Jim - so am I and it works fine. Close your browser and try again.

Or, here is the typed out link it it helps.: http://spdaylight.net/Welcome.html


----------



## Bob Dylan (Jun 18, 2014)

Thanks Tom! works fine now with the full link! I'm on my Motto G Phone, not a PC!!!

And great site, thanks to the OP for posting! Maybe we'll have a Daylight again some day!!!!


----------



## afigg (Jun 18, 2014)

jimhudson said:


> And great site, thanks to the OP for posting! Maybe we'll have a Daylight again some day!!!!

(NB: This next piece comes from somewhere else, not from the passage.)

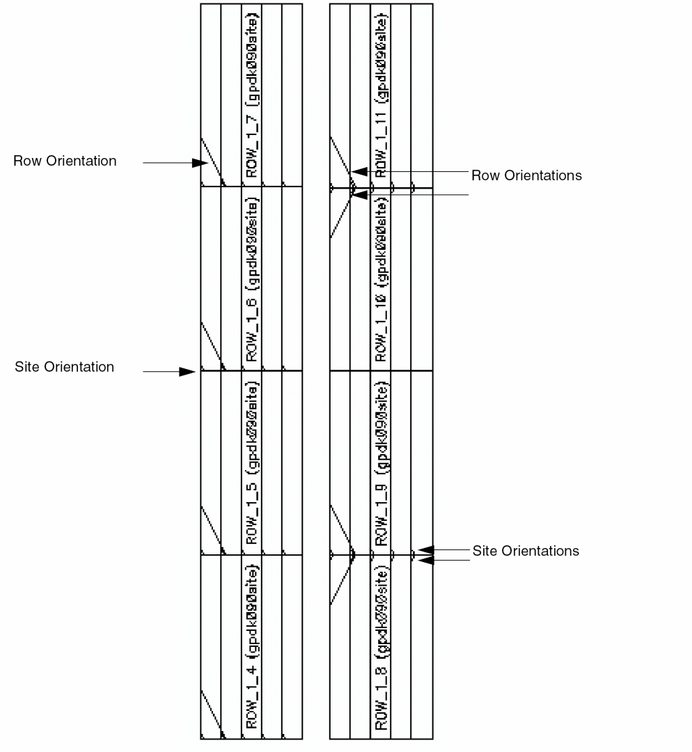 All subsequent rows follow the orientation that you set in this field. The valid values are R0, R90, R180, R270, MX, MY, MXR90, and MYR90. - Specify the flip and abut settings for rows in Options. For example, you may set every other row to flip or set only the first row to flip. You may specify the number of rows to abut or set to abut the first and second rows. You can also specify the space between the rows to be created.

Well, a Coast Daylight is in the California State Rail plan. If the proposed distribution of the revenues expected to generated from the state cap and trade fees makes it through the state legislature, CA will have more than enough funds to pay off UP and make a Coast Daylight happen (as well as building out the CA HSR system).


----------



## NW cannonball (Jun 21, 2014)

Thanks for the link.

Last month took the earliest Surfliner LAUS - Grover Beach and back again 2 days later.

Didn't see much conflicting traffic, did see several mostly unused passing sidings mostly north from Ventura to SLO.

Is this line underused? How about the line north from SLO to San Jose?

Seems like it wouldn't take a lot to run a Daylighter again - but what do I know.


----------